An exact reproduction of all the data is needed, with no images in it.

*** Opening of The data ***

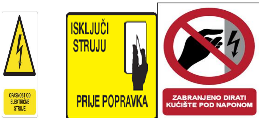
Slika 6. Znakovi opasnosti

Na vratima se mora postaviti sigurnosni znak zabrane pristupa nestručnim osobama, jasno vidljiv iz smjera ulaznja u prostoriju ili prostor u kojem se nalazi električno postrojenje ili instalacija.[11]
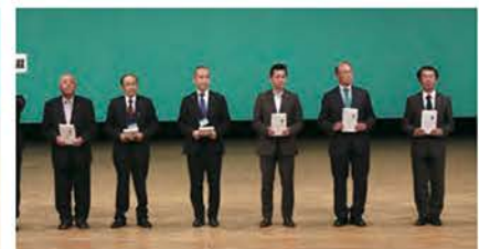
献眼・献腎・献血運動推進賞（6クラブ）

*** Close of The data ***

▶ **Expected output**:
Slika 6. Znakovi opasnosti

Na vratima se mora postaviti sigurnosni znak zabrane pristupa nestručnim osobama, jasno vidljiv iz smjera ulaznja u prostoriju ili prostor u kojem se nalazi električno postrojenje ili instalacija.[11]
献眼・献腎・献血運動推進賞（6クラブ）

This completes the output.